In summary, our data indicate quantitatively that the reactivity of EPCR with its ligands differs between human and mouse systems. As such, care should be taken in the design of experiments in the mouse model system in investigating the importance of the FVIIa–EPCR interaction, as mouse FVII may not appreciably bind to mEPCR. However, the observation that human FVIIa binds effectively to mouse EPCR and along with the availability of mice expressing human TF (28), may substantiate the use of hFVIIa in the mouse model system in order to investigate the importance of EPCR in FVIIa transport and therapeutical action.

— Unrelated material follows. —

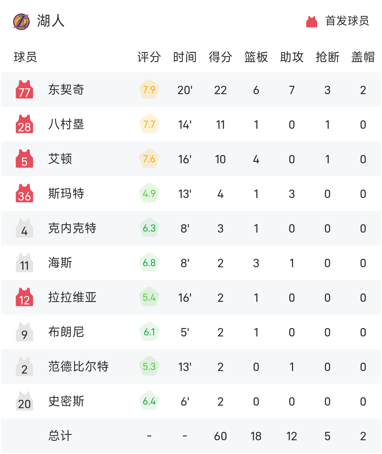 NBA半场:东契奇22分6板7助,湖人60-59马刺

This work has been partly supported by Novo Nordisk Inc. as a part of the Investigator Initiated Grant and NHLBI grants (HL058869 and HL107483). The authors are thankful to Lars C. Petersen, Novo Nordisk, Denmark, for providing mouse FVIIa and soluble TF, and Pierre Neuenschwander, University of Texas Health Science Center, Tyler, TX for help in performing SPR studies.
The study was partly supported by a research grant from Novo Nordisk.
Disclosure and conflict of interests
U. Hedner is a consultant to Novo Nordisk A/S, Zurich, Switzerland.